# [EXERCISE DETAILS]
Begin at the line below that has "The vibrant Guardsman". Stop after the line that has "10月29日,杭州市教育局再", repeating each line exactly and leaving out the pictures.

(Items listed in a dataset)
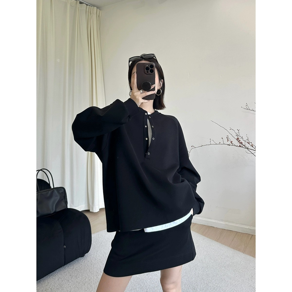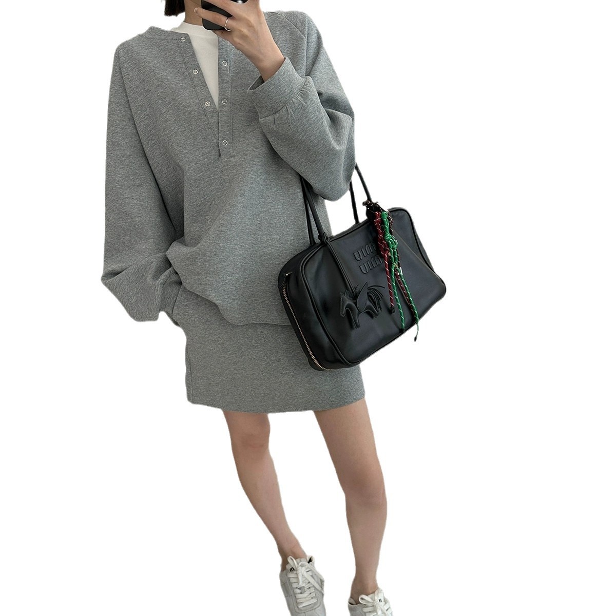 Весенний и осенний костюм женский новый корейский полуоткрытый воротник свободный повседневный свиток
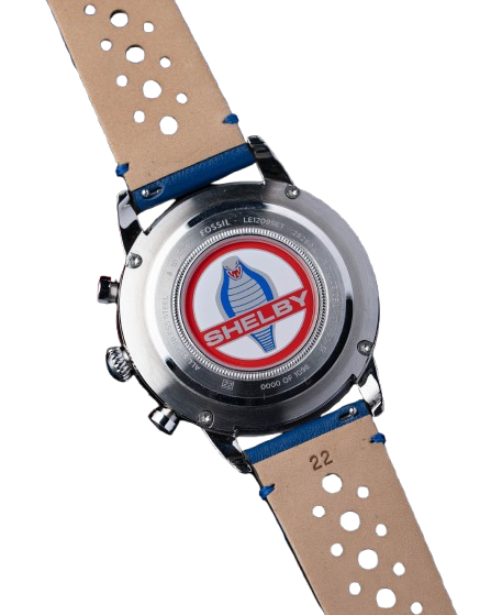 The vibrant Guardsman Blue dial with white racing stripes isn’t just cosmetic—it mirrors Shelby’s Le Mans livery. Subdials, a subtle Cobra logo, and red accents combine passion with polish. While the dial’s busy mix of white markers and lume-filled numerals may impact legibility slightly, the design stays true to its racing roots.
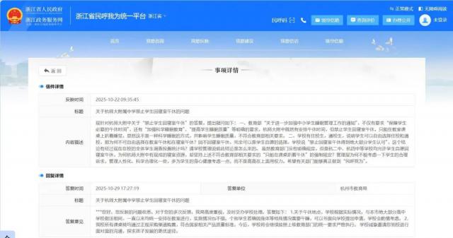 10月29日,杭州市教育局再次回复表示,关于午休地点,学校结合实际情况,和本市绝大多数高中一样,一直统一安排在教室进行,且实施情况良好。个别学生若因特殊情况需要其他午休安排,可以书面向学校提出申请,学校会酌情处理。
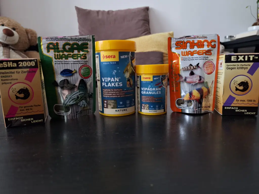 *Johnyho Pisces* | Dokúpené zásoby krmiva, liečiv a prípravku na vodu. Vyzerá že nové krmivo chutí, konečne mi ryby prijímajú aj granulové krmivo. |
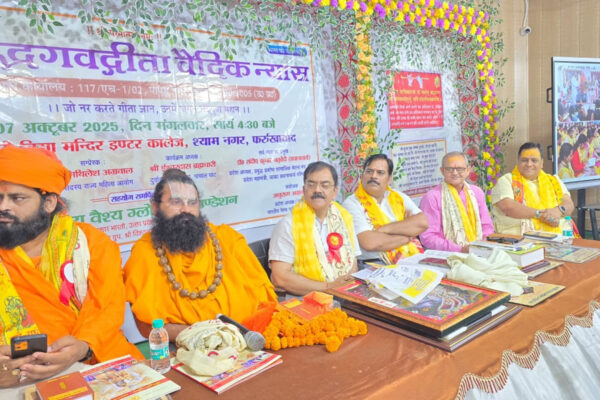 गीता हमें जीवन जीने की कला सिखाती है: डा0 संदीप चतुर्वेदी फर्रुखाबाद, समृद्धि न्यूज। श्रीमद् भागवत गीता वैदिक न्यास कार्यक्रम का आयोजन सरस्वती विद्या मंदिर इंटर कालेज श्याम नगर में आयोजन हुआ। संगोष्ठी की अध्यक्षता ईश्वरदास ब्रह्मचारी ने की। मुख्य अतिथि संघ के राष्ट्रीय अध्यक्ष उमेश पालीवाल व विशिष्ठ अतिथि राष्ट्रीय महामंत्री परमानंद रहे। आयोजक…
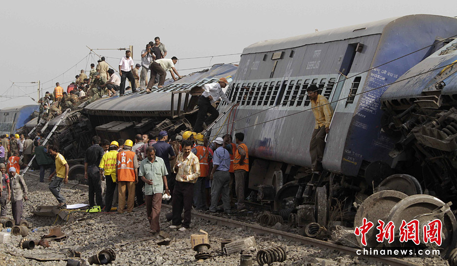當(dāng)?shù)貢r(shí)間5月28日,印度一列特快列車在東部西孟加拉邦的西米德納布爾遭反政府武裝襲擊脫軌,造成百余人死傷。圖片來(lái)源:中國(guó)新聞網(wǎng)

# [RESPONSE BOX]
 The vibrant Guardsman Blue dial with white racing stripes isn’t just cosmetic—it mirrors Shelby’s Le Mans livery. Subdials, a subtle Cobra logo, and red accents combine passion with polish. While the dial’s busy mix of white markers and lume-filled numerals may impact legibility slightly, the design stays true to its racing roots.
 10月29日,杭州市教育局再次回复表示,关于午休地点,学校结合实际情况,和本市绝大多数高中一样,一直统一安排在教室进行,且实施情况良好。个别学生若因特殊情况需要其他午休安排,可以书面向学校提出申请,学校会酌情处理。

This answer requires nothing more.